Budding mechanics have celebrated completing a course that will help to put them in the driving seat when it comes to pursuing a career in the motor industry.
The Mechanix project saw seven youngsters, aged either 15 or 16, spend 10 weeks last year working to restore an old Mercedes SLK230 Kompressor to MOT standard.
During the twice-weekly sessions the youngsters were taught skills such as changing a wheel, replacing spark plugs and bleeding the braking system, as well as giving the car a cosmetic makeover.
After successfully completing the course, the students were given an award from the Institute of the Motor Industry.

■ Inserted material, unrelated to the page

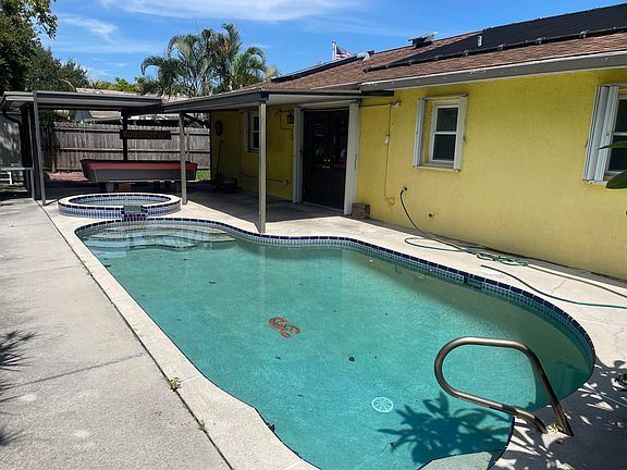 *******3 BEDROOM 2 BATH POOL HOME WITH 2 CAR GARAGE ******LIST PRICE ADJUSTMENT.HUGE SCREENED IN FRONT PORCH WITH NEWER DOUBLE PANE WINDOWS AND ACCORDIAN SHUTTERS FOR THOSE STORMS AND INSURANCE DISCOUNTS.POOL IS HEATED BY SOLAR PANELS,AND SPA IS SEPARATE AND BACKYARD IS SET FOR ENTERTAINING AND EVEN COMES EQUIPPED WITH A POOL TABLE TO BOOT.THE BACK YARD ALSO HAS A 2 YEAR OLD HUGE SHED FOR ANY OVERFLOW YOU MAY HAVE.THE HOME EVEN COMES WITH LEAF FILTER WHAT MORE COULD YOU WANT.

They were also invited to the National Motor Museum at Beaulieu (24/01/2020), where they were each presented with a certificate of achievement by Lord Montagu.
The Mechanix project was designed by the Haynes Group and run locally by Dibden Parish Church with support from Dibden Purlieu garage Shawfix Autos, and a team of dedicated volunteers.
For the third year in a row, ExxonMobil Fawley made a £2,000 contribution towards the project, in addition to supplying the budding mechanics with overalls and safety boots.
As well as taking part in plenty of hands-on learning at Shawfix Autos, the students also spent 50 per cent of their time working on personal development at St Andrew’s Church, Dibden Purlieu.
Serena Carthy, Children and Families worker at St Andrew’s, said: “This project helps young people to take initiative and responsibility for their learning and career development in a fun and inclusive environment.
St Andrew’s is very grateful to all the organisations and volunteers who made the Mechanix course possible once again.
We must also thank the young people themselves who took part in this year’s project, they made it so rewarding for everyone involved.”
Angharad Vaughan, Community Affairs Adviser at Fawley, said: “We know from the success of the first Mechanix course in 2017 that this style of hands-on learning is a great way to help young people take their first steps towards a possible career in the motor industry.
The practical and social skills they have learnt will prove invaluable and we wish them every success in the future.”